For more information: https://nuclearweaponarchive.org/Nwfaq/Nfaq5.html
There are multiple lethal effects from nuclear weapons, and a person inside the 100 million Celsius fireball itself (TK-radius), yes, will be vapourised.
Fireball size depends on weapon yield. For a 1 MT weapon, the radius is roughly 870m, at 5 MT ~1010m, at 150 KT, about 250m.
Most US nuclear weapons yield between 600 to 2,200 KT (0.6 to 2.2 MT).
Whether or not individuals are within the fireball radius depends on the height of detonation, parameters of the nuclear explosion itself (shaped nuclear charges are theoretically possible, though I'm not aware whether any present weapons are designed as such), and of course the local population density.
Outside the fireball, the principle lethal mechanism is the shock wave, though thermal pulse can still provide severe burns, and initial and fallout radiation can also be lethal, though over longer periods (hours, days, weeks, or more).
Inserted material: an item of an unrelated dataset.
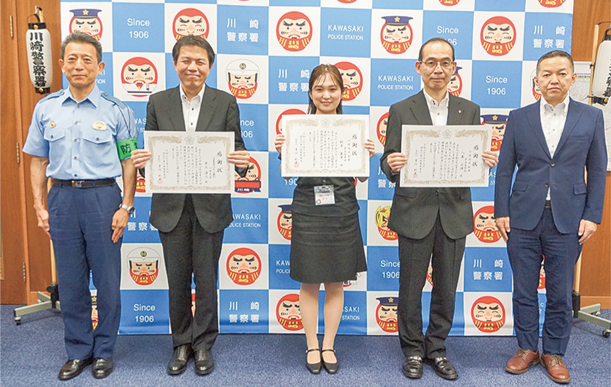 川崎警察署(青山利史署長)は10月15日、特殊詐欺被害を未然に防いだとして、三菱UFJ銀行川崎支店の井上清乃さん、川崎信用金庫本店営業部の鈴木麗華さん、同金庫本店営業部の八巻正博さんに感謝状を贈呈した。

Effects generally fall with the inverse cube law. Larger weapons also experience an inverse cube effect, such that a one thousandfold increase in weapon yield delivers only a tenfold increase in effects at a given distance.
People may be vapourised, though most within a blast effect area will likely not. They may however be severely burned if directly exposed to the thermal pulse. Near in, other lethal effects, which may be delayed by a few seconds, principally from the blast wave, should predominate.
Air-burst attacks would likely decrease vapourisation. Penetrating / shaped charges would have markedly different and highly directional effects.
Major Kong would not have felt a thing.